Ist die Wende also geschafft?

Bisher nicht, denn andere wichtige Werte sind weiterhin problematisch. Das betrifft zum einen die Sieben-Tage-Inzidenz, also die Zahl der Neuinfektionen auf 100 000 Einwohner innerhalb einer Woche. Bei bis zu 50 Infektionen ist die Lage nach Einschätzung der Bundesregierung noch unter Kontrolle; darüber können etwa die Gesundheitsämter die Kontaktnachverfolgung nicht mehr leisten. Am Wochenende lag der bundesweite Wert bei mehr als 140. Zum anderen betrug der Reproduktionswert in den vergangenen Tagen etwa 1,0. Jeder Infizierte steckt demnach also im Mittel einen weiteren Menschen an. Damit die Ausbreitung des Virus abflaut, muss der Wert dauerhaft unter 1,0 liegen.

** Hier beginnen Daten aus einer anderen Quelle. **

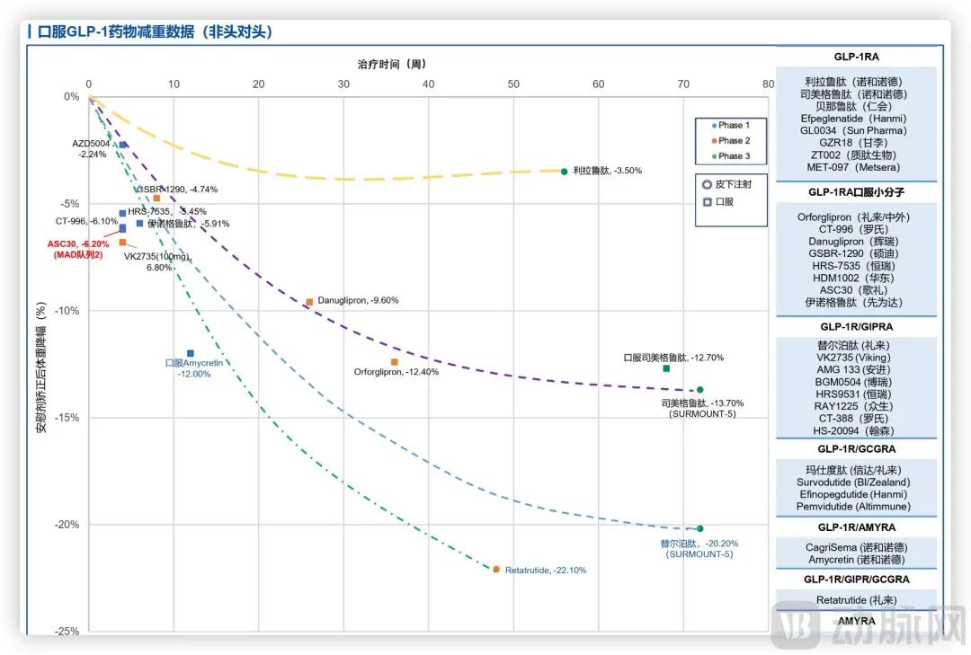 德睿智药的MDR-001,其1b/2a期试验结果显示受试者在经过12周治疗后,安慰剂扣除后受试者平均体重下降6.9%(礼来7.9%)。此外,闻泰医药的VCT-220虽然没有公布数据,但其在2024年底已经展开减重的临床3期试验。

Worüber wird am Montag beraten?

Die Kanzlerin und die Länderchefs wollen eine Halbzeitbilanz des zunächst bis Monatsende verhängten teilweisen Lockdowns ziehen. Vertreter beider Seiten machten bereits deutlich, dass sie sich Lockerungen zum jetzigen Zeitpunkt nicht vorstellen können. Erschwerend kommt hinzu, dass die bislang vorliegenden Daten noch keine allzu große Aussagekraft über die Wirksamkeit der Maßnahmen haben. Bei der Sitzung soll außerdem darüber gesprochen werden, wie die Corona-Warnapp verbessert werden kann.

Wie ist die Perspektive?

Eine Verlängerung der Bestimmungen über November hinaus oder sogar eine Verschärfung ist nicht ausgeschlossen. Merkel warnte am Wochenende: „Der vor uns liegende Winter wird uns allen noch viel abverlangen.“ Bundeswirtschaftsminister Peter Altmaier (CDU) rechnet „zumindest in den nächsten vier bis fünf Monaten“ noch mit erheblichen Einschränkungen. Auch Baden-Württembergs Ministerpräsident Winfried Kretschmann (Grüne) dämpfte die Hoffnung auf eine baldige Rückkehr zur Normalität: Erst wenn die Infektionsdynamik auf „durchschlagende Weise“ durchbrochen sei, „können wir darüber sprechen, wie wir Weihnachten gestalten.“ Bayerns Ministerpräsident Markus Söder (CSU) sagte, er könne erst kommende Woche entscheiden, ob der Lockdown verlängert oder sogar vertiefet werden müsse.

Drohen wieder Schulschließungen?

„Wir wollen, so es irgend möglich ist, die Schulen offenhalten und Präsenzunterricht ermöglichen“, sagte Regierungssprecher Steffen Seibert. Wirtschaftsminister Altmaier regt an, Unterricht in Gemeindezentren, Kulturhäuser oder in ungenutzte Räume von Gaststätten und Hotels zu verlagern. In den Klassenzimmern sei es oft schwer, die Abstandsregeln einzuhalten.